ECT: AN OFFLINE METRIC TO EVALUATE CASE-BASED EXPLANATIONS FOR RECOMMENDATION SYSTEMS
Interpretability. Recommendation systems. Black-box explanations. Offline eva-luation metric
Recommender systems suggest items that best fit the users’ interests and tastes. They are complex systems, which are often designed as black-box models. However, it is well- known that understanding recommendations is essential to help building users’ trust and engagement in these systems, so explanations for recommendations are a way to achieve this goal. An explanation is a piece of information displayed to users, explaining why a particular item is recommended. The case-based explanation is one of the most commonly used explanation styles in recommender systems. This approach is focused on providing explanations in the form of previously liked items that are used to make the recommendation, such as: “Because you liked A, we recommend B”. To measure the quality of methods that generate explanations, we can conduct online and/or offline evaluations. Online evaluations require direct interaction with users, and offline evaluations require just previously historic data. Online evaluation can handle more aspects of the explanations and produces more complete results, so it is encouraged, but tests involving users are not always accessible. In many scenarios, offline evaluation is preferred because it will not affect user’s experience through bad explanations, and it is also easier to implement than the online counterpart.
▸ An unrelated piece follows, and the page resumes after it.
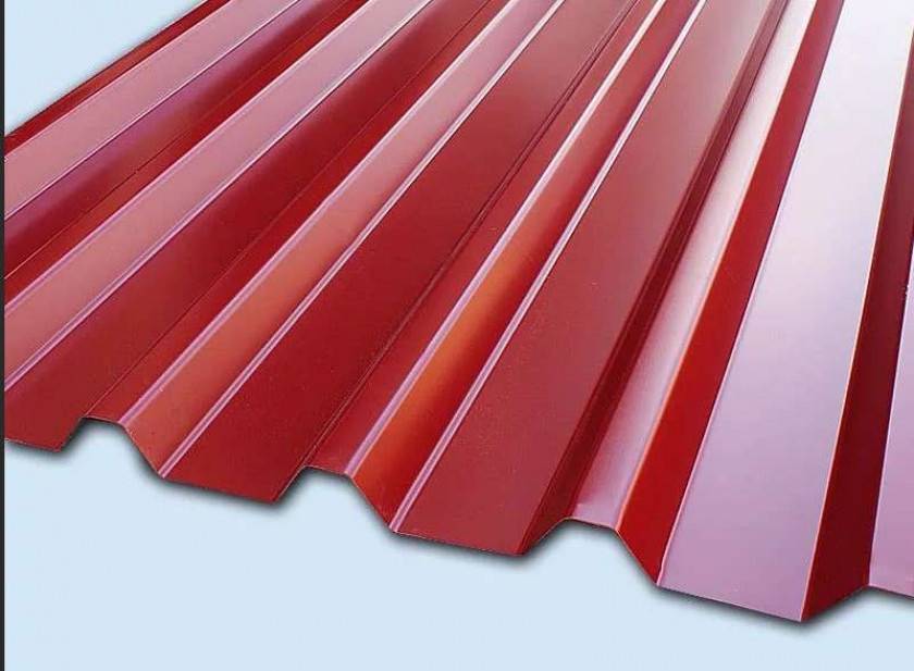 Важно! Профнастил представлен специальным современным материалом, применяемым повсеместно для создания кровельного покрытия, причем для его производства используется тонкий лист стали, прошедший через процедуру холодного проката. Заготовки из стали в процессе производства покрываются специальным цинковым сплавом, а также разными полимерами и красящими составами
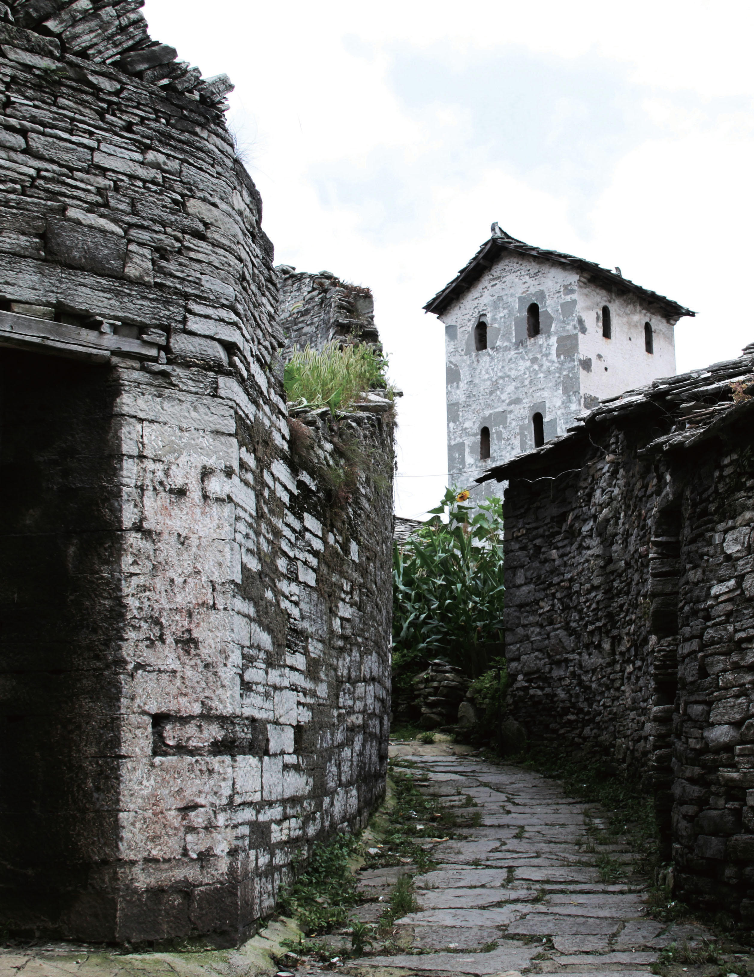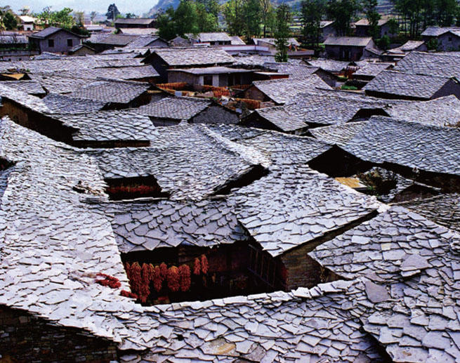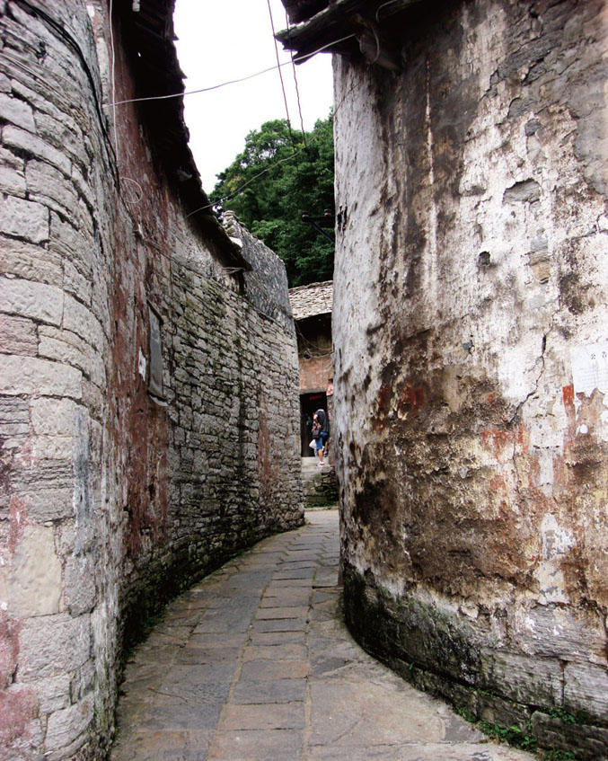在寨外远远望去,就能看到一片石板瓦顶上高耸着七八座碉楼。本寨的四合院建筑比九溪考究,因年代没有九溪那么久远,因而内部结构都还比较完好。钻进窄窄的巷道,穿过一户人家的过厅,天井对面突然耸起一座带有围墙的碉楼,碉楼的炮眼正对门厅。

Few research projects approach offline metrics to measure the quality of case-based ex- planation methods, so it is an ill-defined problem. Thus to cover this gap in the literature, we propose a new offline metric – ECT (Ease-of-interpretation Coverage Triviality) – to evaluate more complex aspects of case-based explanation methods. It is based on three sub metrics, one of them has already been proposed: (Coverage), and two new metrics: (Ease-of-interpretation and Triviality). Experiments were conducted in offline and online scenarios to validate the discriminative power of the proposed metric ECT, and show that it presents a 0.67 correlation with what users consider good explanations to their recommendations.